I'm trying to increase the Accuracy of my Model. The model aims to leverage BERT's contextual understanding of language to perform binary classification on IMDb movie reviews. By fine-tuning specific layers of the pre-trained BERT model and integrating it into a neural network, the goal is to achieve high accuracy in classifying sentiment polarity (positive/negative) of movie reviews from the IMDb dataset.
Below is the code:
# Load the dataset but only keep the top n words, zero the rest
top_words = 5000
(X_train, y_train), (X_test, y_test) = imdb.load_data(num_words=top_words)
# Truncate and pad input sequences
max_review_length = 500
X_train = sequence.pad_sequences(X_train, maxlen=max_review_length)
X_test = sequence.pad_sequences(X_test, maxlen=max_review_length)

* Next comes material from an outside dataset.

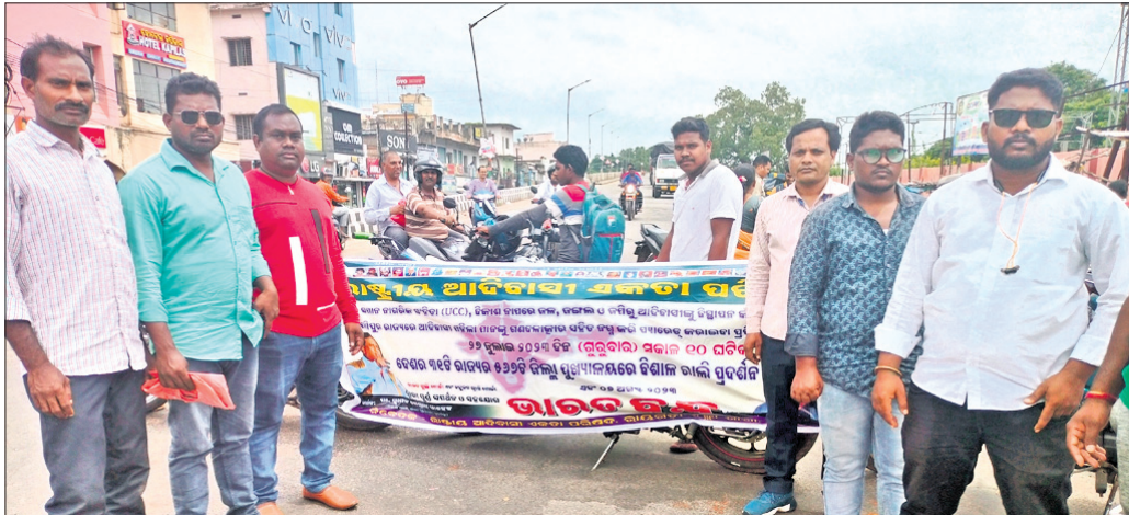
ଆଦିବାସୀ ଏକତା ପରିଷଦ କର୍ମକର୍ତ୍ତା ବିକ୍ଷୋଭ ପ୍ରଦର୍ଶନ କରୁଛନ୍ତି।

# Convert integer sequences back to text
X_train_texts = [' '.join(map(str, x)) for x in X_train]
X_test_texts = [' '.join(map(str, x)) for x in X_test]
# Tokenize the input sequences
tokenizer = BertTokenizer.from_pretrained('bert-base-uncased')

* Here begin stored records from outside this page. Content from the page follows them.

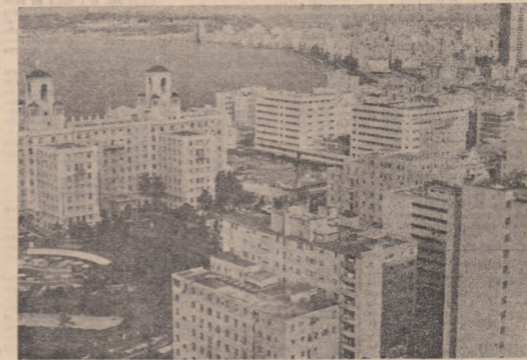
CUBA - Vedere din Havana

● INTR-UN comunicat oficial dat publicității la Brasília se evidențiază că o serie de companii transnaționale care acționează în țara noastră răspund pentru creșterea deficitului balanței comerciale a Braziliei în ultimii ani. Documentul arată că, din totalul deficitului comercial înregistrat în 1974, peste 2 miliarde dolari se datoresc activității nesatisfăcătoare a 115 companii străine care acționează în țară.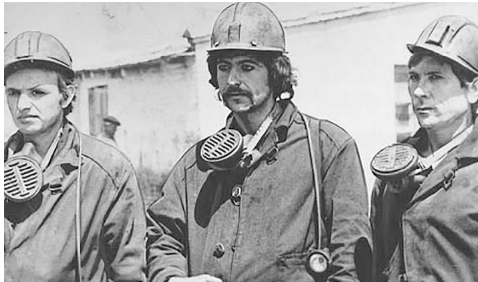
Горняки перед спуском в шахту.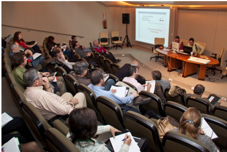
Salón de actos del IPCE.

El IPCE ofrece también becas y estancias en prácticas con el fin de completar la formación de especialistas y facilitar la inserción en el mundo laboral a profesionales de la conservación y de la gestión del patrimonio cultural.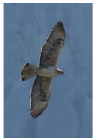
Photos 8 et 9 : Deux Aigles de Bonelli Aquila fasciata mâles de quatre ans, à droite le 3 mars 2013, à gauche le 8 avril 2011. Les rémiges sont toutes de la même génération, mais S1 et S5 sont plus courtes et plus claires car elles sont déjà anciennes. On distingue deux générations de rectrices de deuxième et troisième cycles de mue.

# Truncate sequences to fit within BERT's maximum sequence length
max_sequence_length = 512
X_train = [tokenizer.encode(text, add_special_tokens=True, max_length=max_sequence_length, truncation=True) for text in X_train_texts]
X_test = [tokenizer.encode(text, add_special_tokens=True, max_length=max_sequence_length, truncation=True) for text in X_test_texts]
# Pad the tokenized sequences
X_train = sequence.pad_sequences(X_train, maxlen=max_sequence_length, padding='post', truncating='post')
X_test = sequence.pad_sequences(X_test, maxlen=max_sequence_length, padding='post', truncating='post')
# Load pre-trained BERT model
bert_model = TFBertModel.from_pretrained('bert-base-uncased')
# Define input layer
input_layer = Input(shape=(max_sequence_length,), dtype='int32')
# BERT layer
bert_output = bert_model(input_layer)[0]
# Flatten layer
flatten_layer = Flatten()(bert_output)
# Output layer
output_layer = Dense(1, activation='sigmoid')(flatten_layer)
# Create model
model = Model(inputs=input_layer, outputs=output_layer)
# Make BERT layers trainable
for layer in bert_model.layers:
if layer.name.startswith('pooler'):
layer.trainable = True
else:
layer.trainable = False
# Compile the model
model.compile(loss='binary_crossentropy', optimizer='adam', metrics=['accuracy'])
print(model.summary())
# Train the model
model.fit(X_train, y_train, epochs=3, batch_size=64)
# Evaluate the model
scores = model.evaluate(X_test, y_test, verbose=32)
print("BERT-based Model Accuracy: %.2f%%" % (scores[1] * 100))
Using the above code. I am getting this accuracy with 3 Epochs
Accuracy Screenshot with 3 Epochs
When I tried using 10 Epochs, I didn't see any great difference and it took almost 6 to 8 hours on Kaggle Notebook using GPU T4x2. It did stop due to inactivity insufficient memory of might be due to inactivity. I'm attaching the image as well so you guys can get an idea.
Screenshot failed attempt using 10 Epochs.
Kindly, share some suggestions and solution to improve the accuracy of this model.